3 below, the tools have been matched according to their specificities, purposes, 

modalities, and features to provide a comprehensive overview of the range of tools 

currently available to interpreters as of January 2023. The categories are training 

platform, speech bank, glossary management, corpora building, terminology extraction, 

speech recognition, note-taking, virtual booth service, audio and video conference, 

machine interpreting, and real-time speech translation. 

 
The tools under the category of ‘interpreter training’ and/or ‘speech bank’ show various 

platforms and software that facilitate lexical and terminological searches for both novice 

and expert interpreters. These tools aim to help interpreters hone their interpreting skills 

and strengthen their grasp of both their native language and foreign languages by allowing 

them to conduct deliberate practice using speech and other materials. Glossary 


 33 

management, corpora building and term extraction tools (regardless of their specificity 

for interpreters) indicate the resources that can be used to aid interpreters during 

preparation, allowing them to delve deeper into the primary topic they will be interpreting. 

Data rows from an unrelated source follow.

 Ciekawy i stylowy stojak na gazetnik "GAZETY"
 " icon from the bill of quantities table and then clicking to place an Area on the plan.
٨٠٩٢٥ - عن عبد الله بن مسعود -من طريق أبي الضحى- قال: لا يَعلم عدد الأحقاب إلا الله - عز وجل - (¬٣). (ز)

Additionally, interpreters can develop and reference personalized glossaries throughout 

the interpretation process, while also familiarizing themselves with the speakers' accents 

and backgrounds by watching videos and scouring online sources. The categories of 

Speech Recognition, Real-time Speech Translation, Note-taking and Virtual Booth 

Service include tools that are utilized for the interpreting process itself. The tools under 

this class are ASR-enhanced CAI tools for SI, speech translation solutions for various 

purposes, and note-taking applications that can be used for interpreting scenarios. 

Therefore, this class of categories as well as categories related to preparation/terminology 

can be listed under the division of technology-supported interpreting. 

 
Platforms, where remote simultaneous interpreting can be carried out8 (corresponds to 

technology-mediated interpreting), are listed in the category of ‘Audio and Video 

Conference’. Finally, tools under the category of ‘Machine Interpreting’ (speech-to-

speech interpreting) are specified as ‘replacement’ (corresponds to technology-generated 

interpreting) referring to full automation of the interpreting process, resulting in a 

complete replacement of human interpreters. In this category, available devices and tools 

on the market are added based on their availability.  The columns of the table show 

specificity (whether it is designed for interpreters), purpose (main aim of usage), modality 

(simultaneous interpreting and/or consecutive interpreting), and feature (remote 

interpreting platform, ASR-enhanced or fully ASR-powered, replacement by MI).